MATERIAL FOR THE TASK below:

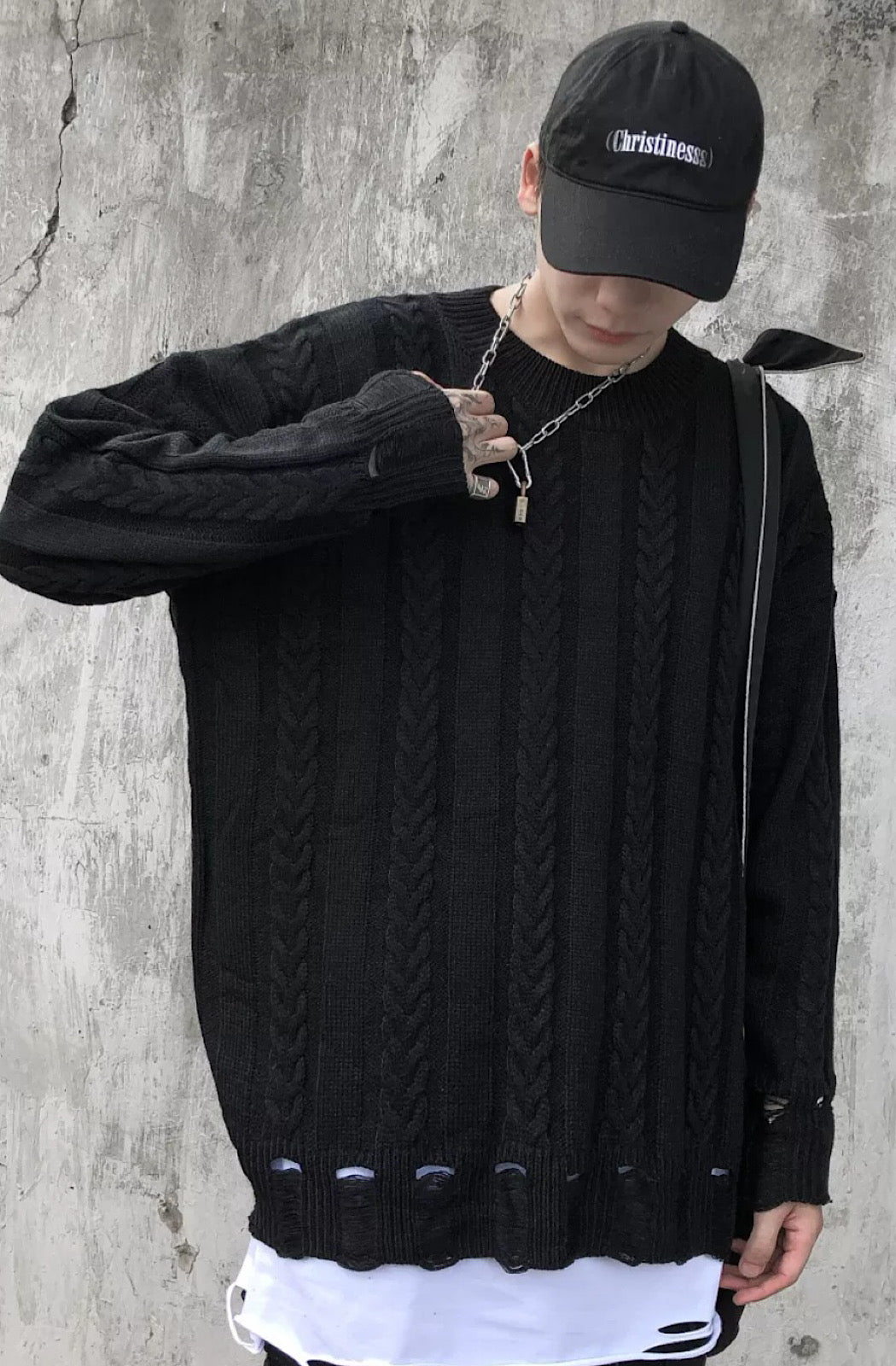 A distressed pullover
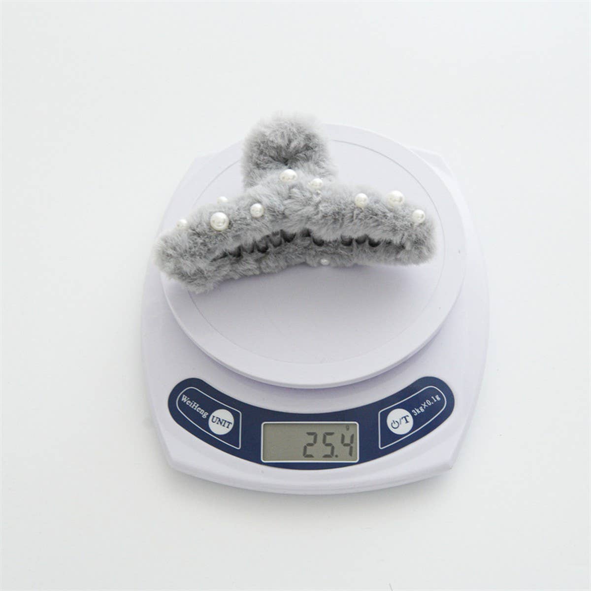 PEARL FUZZY HAIR CLAW CLIPS FOR FALL,WINTER
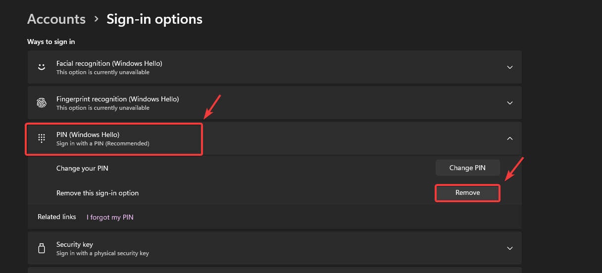 - Under the PIN (Windows Hello) section, click Remove and confirm the action.
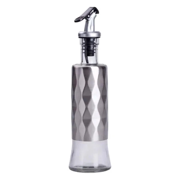 Пляшка для олії з дозатором 300 мл хром із скла та металу для зберігання рідких приправ олії оцету або соусу
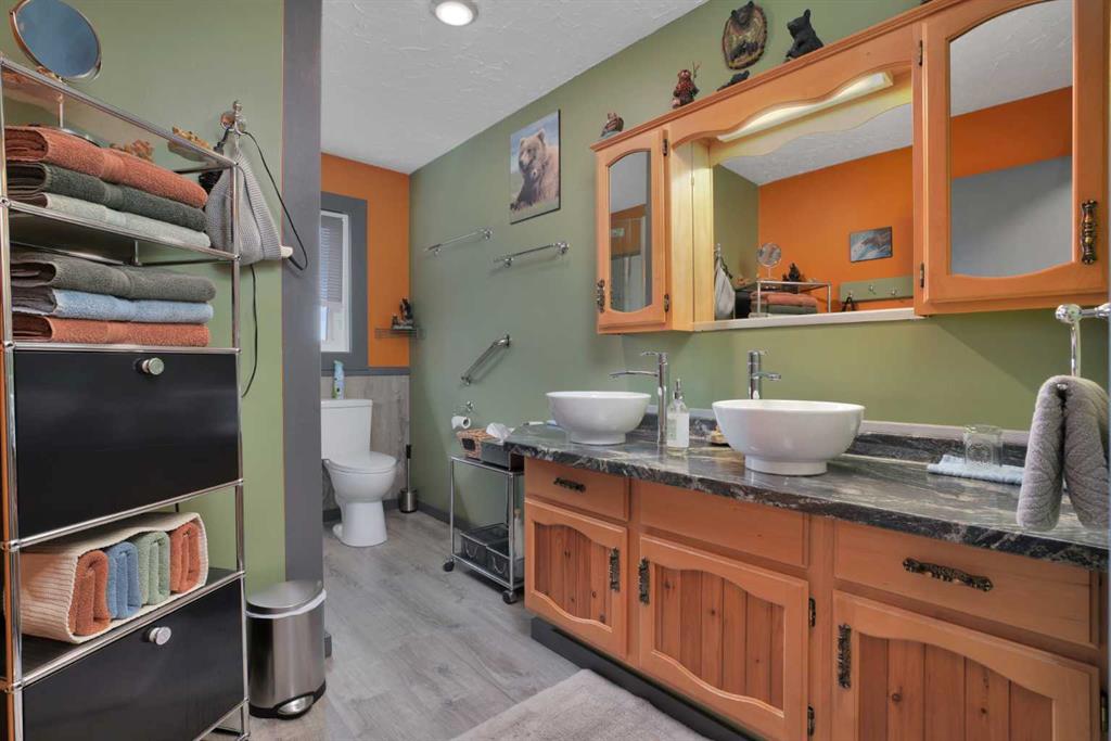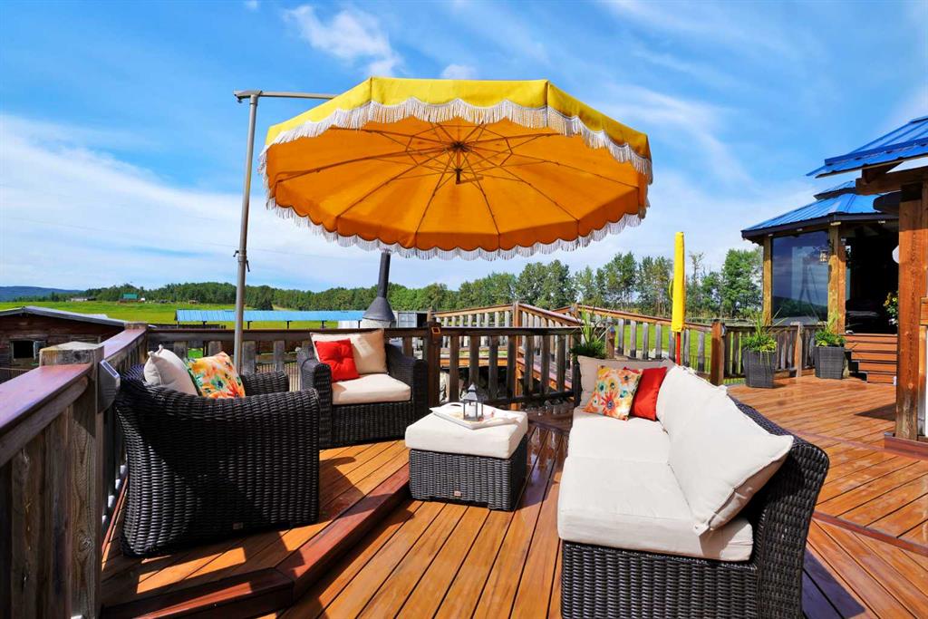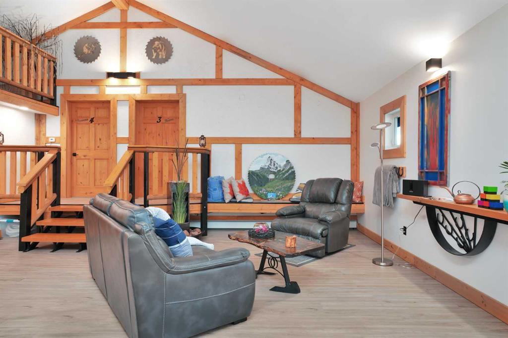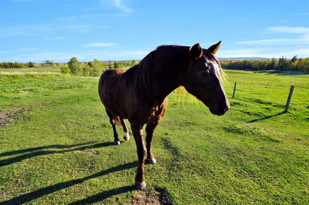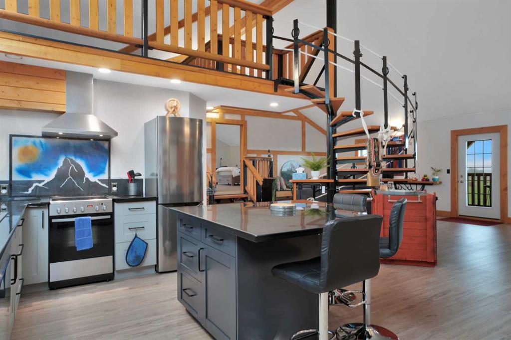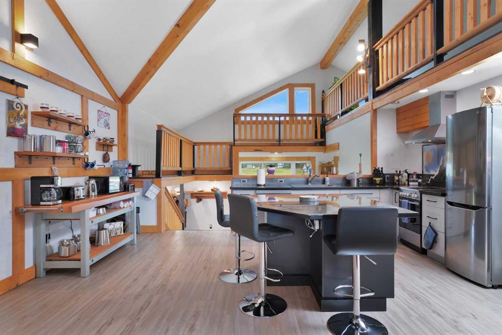 A Rare Opportunity to Live, Work & Thrive – Expansive Acreage with Limitless Potential. Welcome to your own private haven nestled among the scenic rolling hills west of Rimbey. This exceptional 79.5-acre agricultural property blends natural beauty with a rare breadth of opportunity—perfect for those seeking a lifestyle rich in both tranquility and entrepreneurial potential. Positioned atop a gentle rise, the main residence and legal suite boast sweeping views of the surrounding countryside. With over 9,000 sq. ft. of total living space, the property features 8 bedrooms, 5 bathrooms, and 2 fully equipped kitchens, offering a perfect setup for hosting. The main home has been tastefully renovated on the main level, while the expansive lower level awaits your finishing touch. The legally separated suite is an experience unto itself—with a bright, open living area and four generously sized bedrooms, each with its own private deck overlooking pastoral vistas. Step outside and discover a truly one-of-a-kind landscape: manicured gardens, whimsical artistic features, a covered outdoor entertaining space, and a beautifully landscaped yard complete with a large deck, pizza oven, and two separate firepit areas—including a grand enclosed firepit/gazebo ideal for gatherings or events. For the business-minded, the infrastructure is already in place as it was running as a bed n breakfast known as "Little Stones Country Bed and Breakfast". The 3677 sq. ft. industrial-grade shop features dual oversized automatic doors (20' x 14' and 12' x 12'), finished concrete floors, two cranes, and 8" steel I-beam construction—making it ideal for mechanical work, a fabrication business, equipment storage, or conversion into a custom space to suit your vision. The land is fully fenced and cross-fenced, complete with pens, barns, and automatic waterers—ready to accommodate a wide range of livestock, from poultry to cattle, making it perfect for a hobby farm, equestrian operation, or small-scale agricultural venture. Additional Features: Zoned AG – offering broad usage flexibility, Motivated sellers willing to assist with clean-up or customizations, Furniture, yard décor, and equipment negotiable, Sellers are open to mentoring new owners on operational aspects. This is more than a home—it's a canvas for your vision. Whether you're dreaming of a peaceful rural lifestyle, launching a new venture, or creating a retreat, this property is truly a must-see to appreciate the full scope of what’s possible.
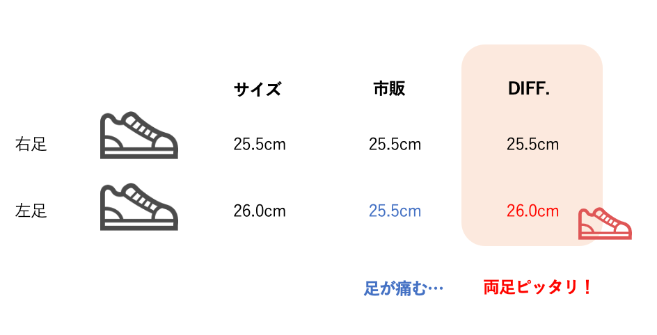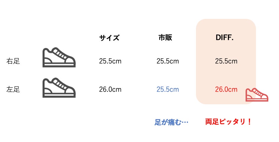 「足の怪我や不安」「費用・価格」に悩む方々に向けて、オンラインでシューズを片方ずつ購入できるサービス『DIFF.』を作りました。
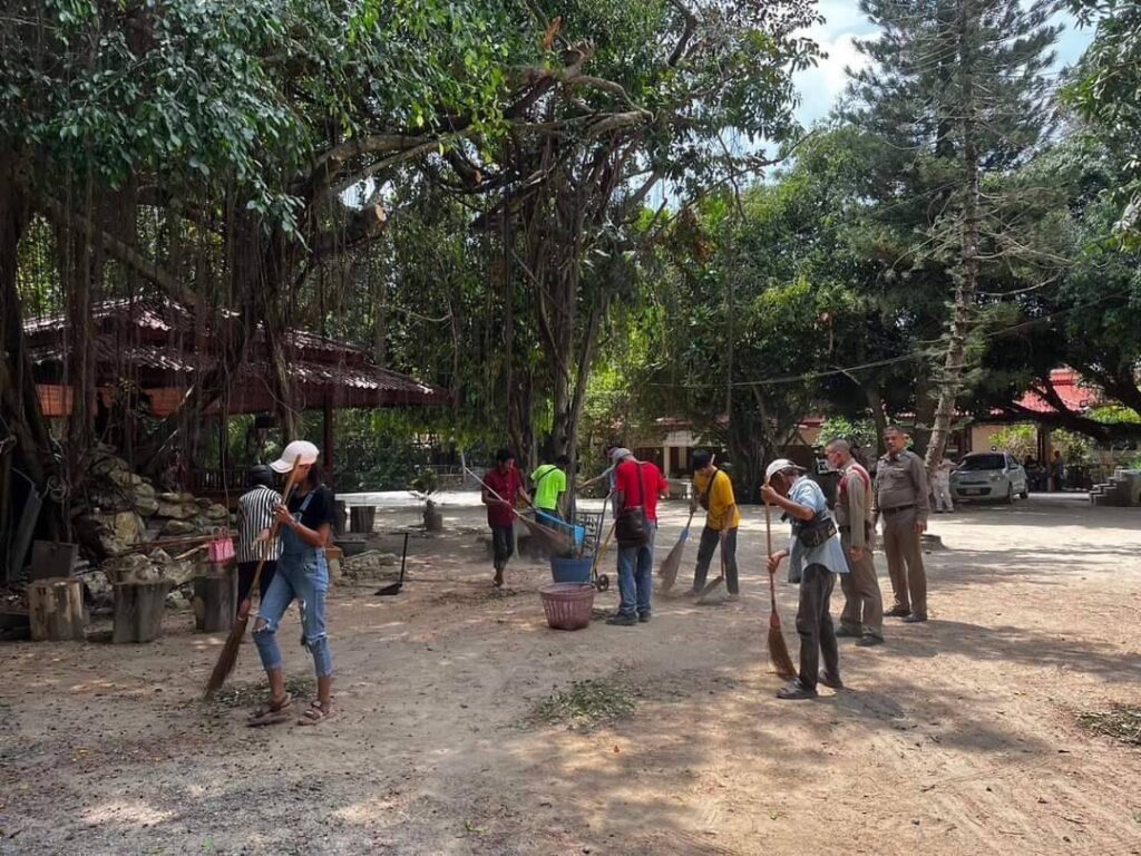 - ร่วมกันพัฒนาทำความสะอาดและตัดต้นไม้บริเวณวัดภูเขาทอง
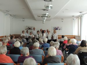 Zbor je pripravil zanimiv izbor narodnih in ljudskih pesmi, ki so stanovalke in stanovalce popeljale v mladost – v čase, ko so se ljudje več družili, peli ob ognjišču in si podajali zgodbe iz ust do ust, saj sodobne tehnologije takrat še ni bilo.

End of MATERIAL FOR THE TASK.

REQUIREMENT: Set the listing down exactly, without its pictures.

TASK OUTPUT:
 A distressed pullover
 PEARL FUZZY HAIR CLAW CLIPS FOR FALL,WINTER
 - Under the PIN (Windows Hello) section, click Remove and confirm the action.
 Пляшка для олії з дозатором 300 мл хром із скла та металу для зберігання рідких приправ олії оцету або соусу
 A Rare Opportunity to Live, Work & Thrive – Expansive Acreage with Limitless Potential. Welcome to your own private haven nestled among the scenic rolling hills west of Rimbey. This exceptional 79.5-acre agricultural property blends natural beauty with a rare breadth of opportunity—perfect for those seeking a lifestyle rich in both tranquility and entrepreneurial potential. Positioned atop a gentle rise, the main residence and legal suite boast sweeping views of the surrounding countryside. With over 9,000 sq. ft. of total living space, the property features 8 bedrooms, 5 bathrooms, and 2 fully equipped kitchens, offering a perfect setup for hosting. The main home has been tastefully renovated on the main level, while the expansive lower level awaits your finishing touch. The legally separated suite is an experience unto itself—with a bright, open living area and four generously sized bedrooms, each with its own private deck overlooking pastoral vistas. Step outside and discover a truly one-of-a-kind landscape: manicured gardens, whimsical artistic features, a covered outdoor entertaining space, and a beautifully landscaped yard complete with a large deck, pizza oven, and two separate firepit areas—including a grand enclosed firepit/gazebo ideal for gatherings or events. For the business-minded, the infrastructure is already in place as it was running as a bed n breakfast known as "Little Stones Country Bed and Breakfast". The 3677 sq. ft. industrial-grade shop features dual oversized automatic doors (20' x 14' and 12' x 12'), finished concrete floors, two cranes, and 8" steel I-beam construction—making it ideal for mechanical work, a fabrication business, equipment storage, or conversion into a custom space to suit your vision. The land is fully fenced and cross-fenced, complete with pens, barns, and automatic waterers—ready to accommodate a wide range of livestock, from poultry to cattle, making it perfect for a hobby farm, equestrian operation, or small-scale agricultural venture. Additional Features: Zoned AG – offering broad usage flexibility, Motivated sellers willing to assist with clean-up or customizations, Furniture, yard décor, and equipment negotiable, Sellers are open to mentoring new owners on operational aspects. This is more than a home—it's a canvas for your vision. Whether you're dreaming of a peaceful rural lifestyle, launching a new venture, or creating a retreat, this property is truly a must-see to appreciate the full scope of what’s possible.
 「足の怪我や不安」「費用・価格」に悩む方々に向けて、オンラインでシューズを片方ずつ購入できるサービス『DIFF.』を作りました。
 - ร่วมกันพัฒนาทำความสะอาดและตัดต้นไม้บริเวณวัดภูเขาทอง
 Zbor je pripravil zanimiv izbor narodnih in ljudskih pesmi, ki so stanovalke in stanovalce popeljale v mladost – v čase, ko so se ljudje več družili, peli ob ognjišču in si podajali zgodbe iz ust do ust, saj sodobne tehnologije takrat še ni bilo.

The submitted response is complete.